Start of Data for analysis

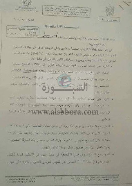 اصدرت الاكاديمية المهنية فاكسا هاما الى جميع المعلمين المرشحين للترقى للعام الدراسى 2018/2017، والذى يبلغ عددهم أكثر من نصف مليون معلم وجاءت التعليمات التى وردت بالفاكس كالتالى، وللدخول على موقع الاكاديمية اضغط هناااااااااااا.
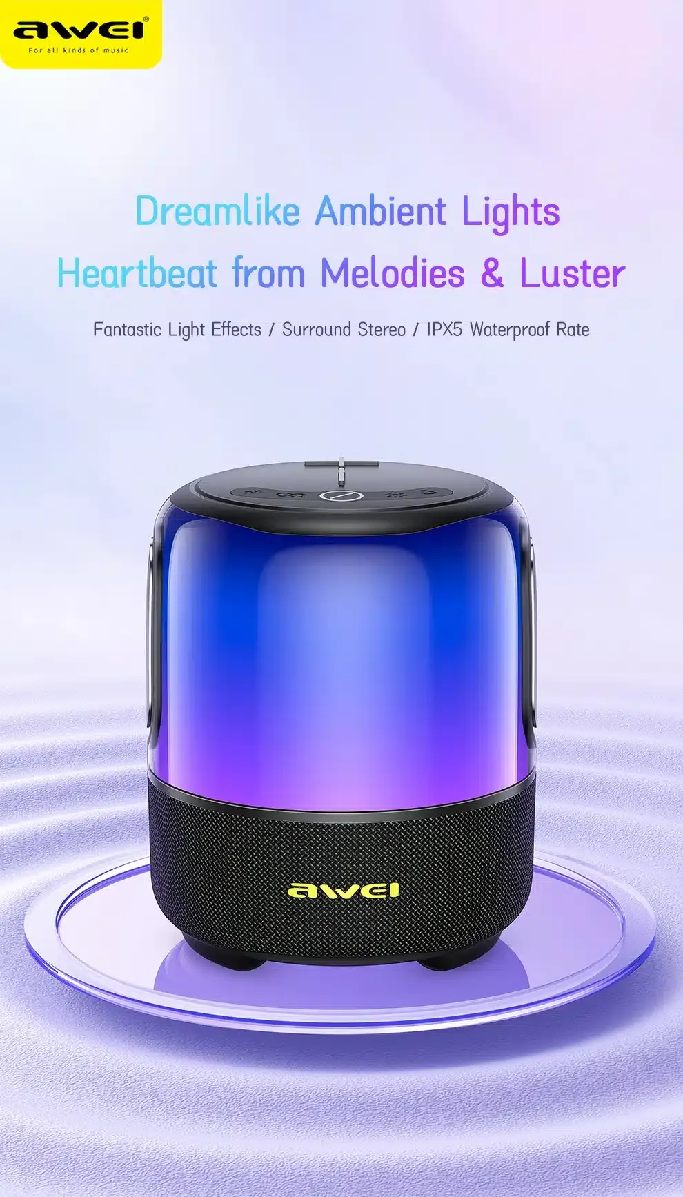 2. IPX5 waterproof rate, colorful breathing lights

End of Data for analysis
Start of Data for analysis

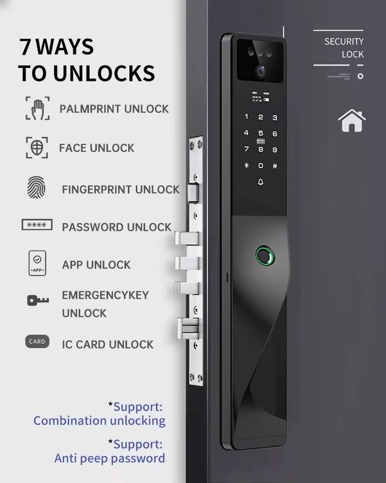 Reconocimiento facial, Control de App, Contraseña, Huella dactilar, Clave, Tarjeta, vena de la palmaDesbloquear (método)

End of Data for analysis

> [What needs to be done]:
Above are entries with pictures among them. Write out exactly the lines from the one containing "اصدرت الاكاديمية المهنية" through the one containing "2. IPX5 waterproof", ends included, and leave those pictures out.

> [Expected answer]:
 اصدرت الاكاديمية المهنية فاكسا هاما الى جميع المعلمين المرشحين للترقى للعام الدراسى 2018/2017، والذى يبلغ عددهم أكثر من نصف مليون معلم وجاءت التعليمات التى وردت بالفاكس كالتالى، وللدخول على موقع الاكاديمية اضغط هناااااااااااا.
 2. IPX5 waterproof rate, colorful breathing lights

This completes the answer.